Кое-чему научило одно происшествие. Я получил в дивизии под расписку группу пленных, только что взятых на окраине Берлина. Предстояло провезти их по рокадной дороге, то есть дороге, расположенной в прифронтовой полосе и параллельной линии фронта, к Франкфурту-на-Одере, где шли тяжелые бои, и перебросить пленных через передний край: пусть расскажут во Франкфурте, что бои идут уже в Берлине. Чтобы растолковать им достаточно опасное для них задание, я привез их в немецкий фольварк, где размещалась наша отдельная фронтовая разведрота. Психология моих «подопечных» подсказывала: полчаса энергичной строевой подготовки облегчат постановку задачи и обеспечат ее выполнение — пленные должны почувствовать, что они снова в условиях непререкаемого повиновения. Место и время для этих действий выбрать неудачнее было трудно — фольварк находился под тяжелым обстрелом. Опытные пленные глядели на разрывы с ужасом, но команду выполняли; автоматчики, меня сопровождавшие и уже ничему не удивлявшиеся, охраняя квадрат, на котором я подчинял пленных своей воле, тихо и с полным основанием ругались. И вдруг раздался крик:
— Сережка! Ты спятил!
Я оглянулся и увидел под сводом глубоких ворот приятеля по довоенному институту — Давида Самойлова, ныне известного поэта, в те далекие годы — старшину разведроты.

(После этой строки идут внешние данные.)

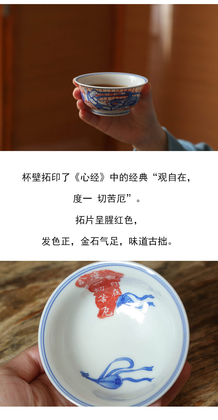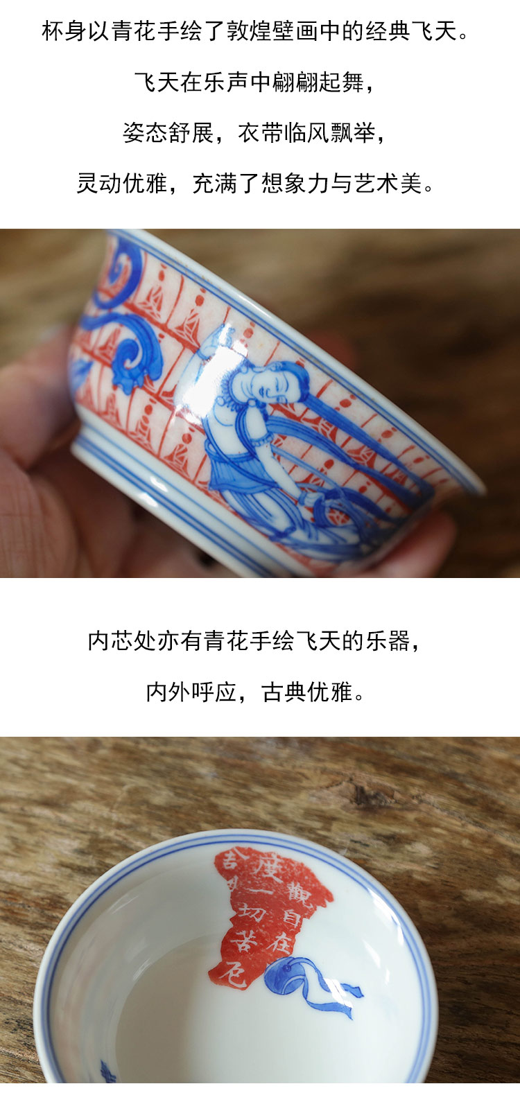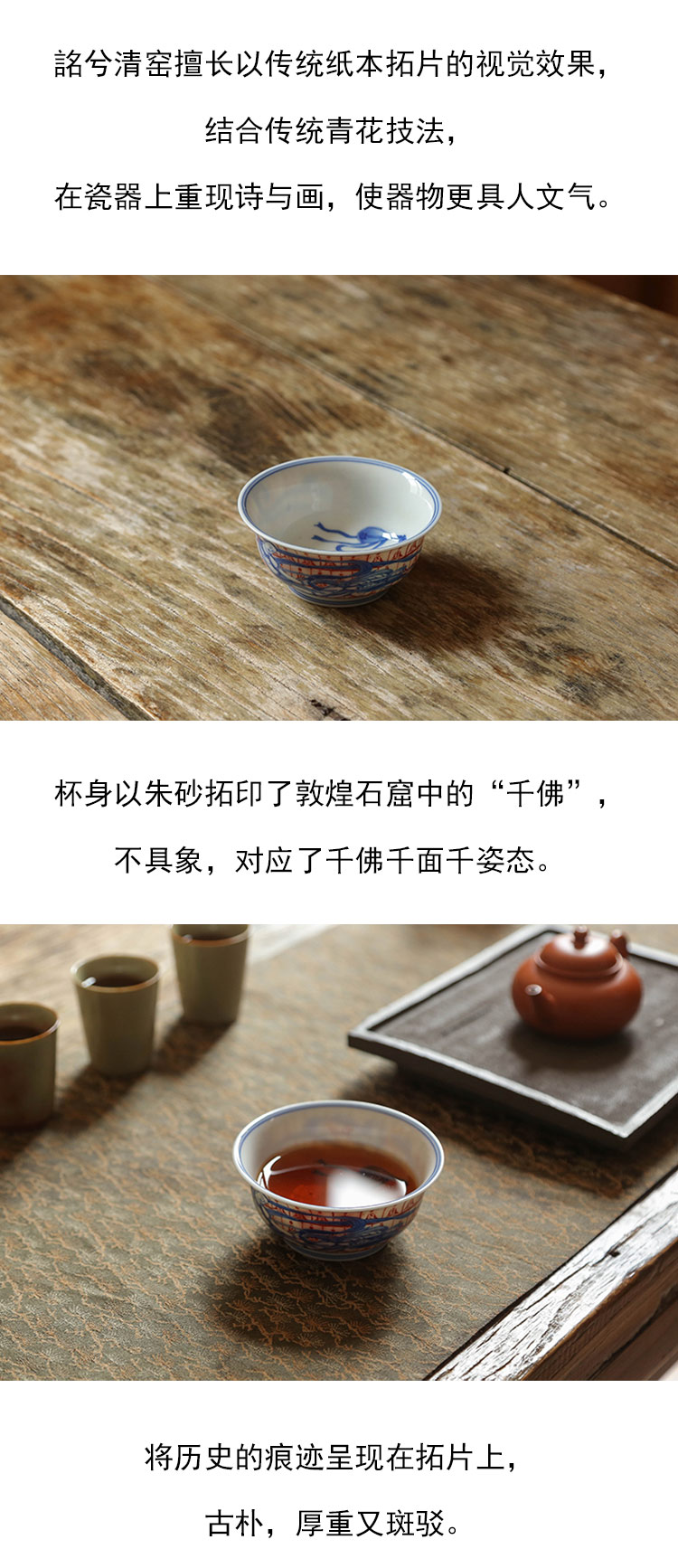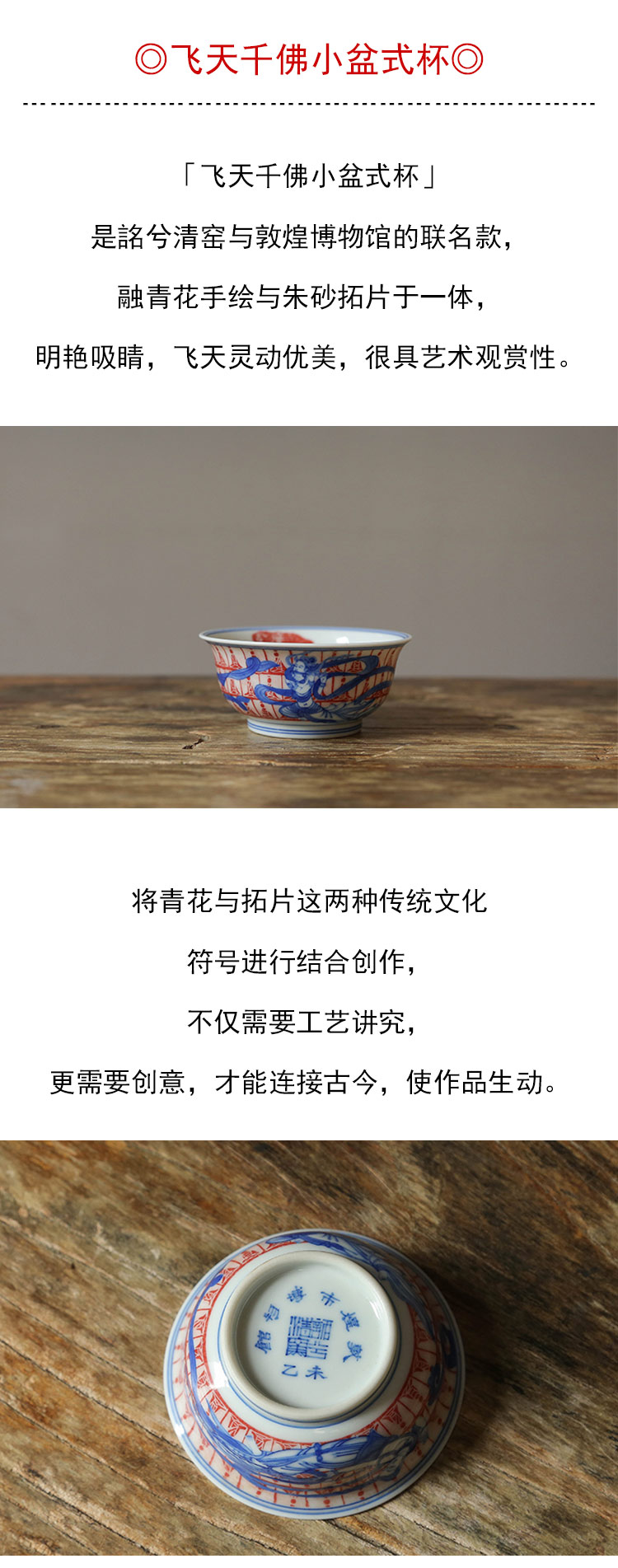 茶香记 90ml詺兮清窑飞天千佛小盆式杯敦煌联名青花手绘朱砂拓片
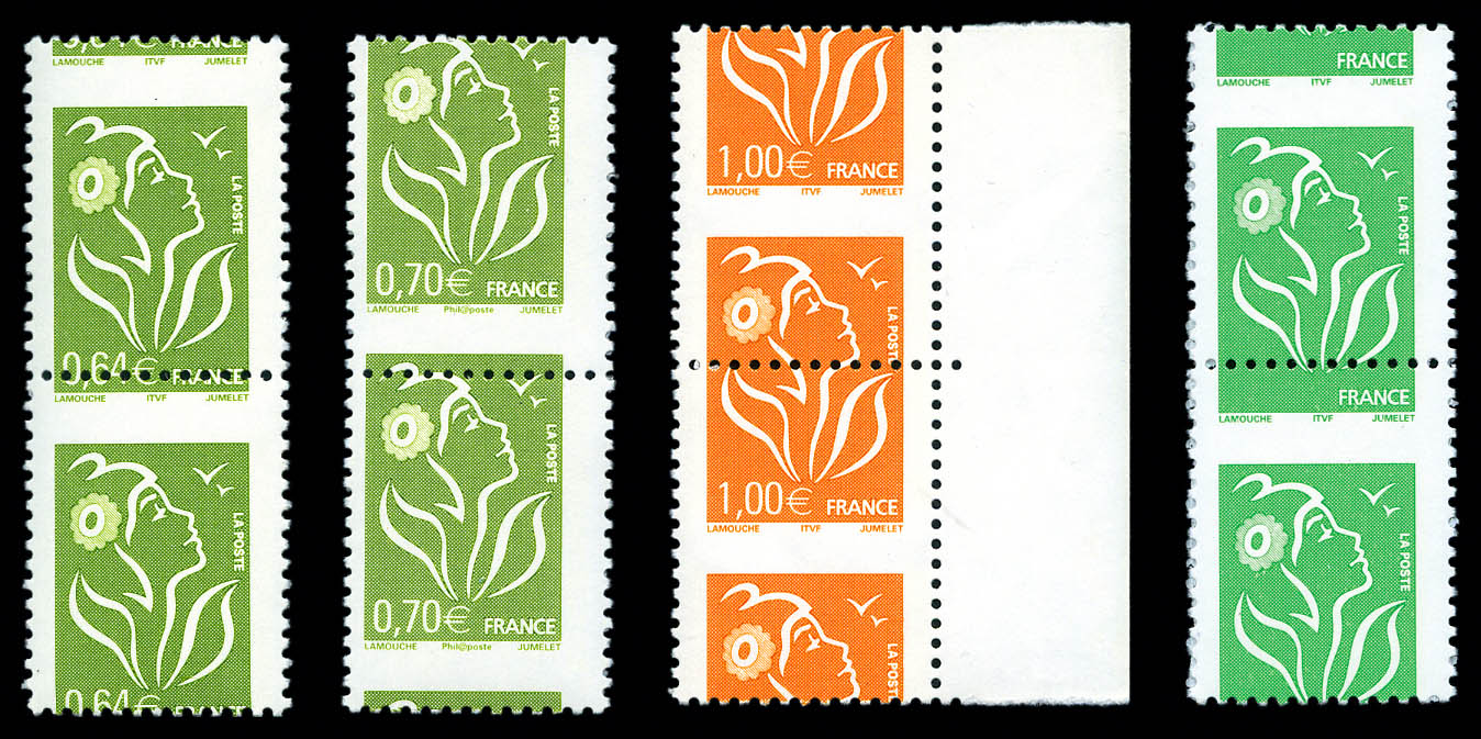 Lamouche, piquages à cheval en paires sur N°3733, 3736, 3739 et 3756. TTB (certificat) Qualité: ** (Image)

— Сюда! — скомандовал он. — В укрытие с солдатами и фрицами!
И он увел нас в сравнительно безопасное место, где отругал меня, потом на глазах изумленных автоматчиков и пленных обнял. Мы не виделись с июня 1941 года.
Я бы не стал рассказывать эту историю, да она давно существует в устном рассказе Давида: «Двор под обстрелом. Въезжает „студебеккер“, через борт неуклюже переваливается старший лейтенант, за ним автоматчики и пленные, и он начинает муштровать пленных, как на плацу…»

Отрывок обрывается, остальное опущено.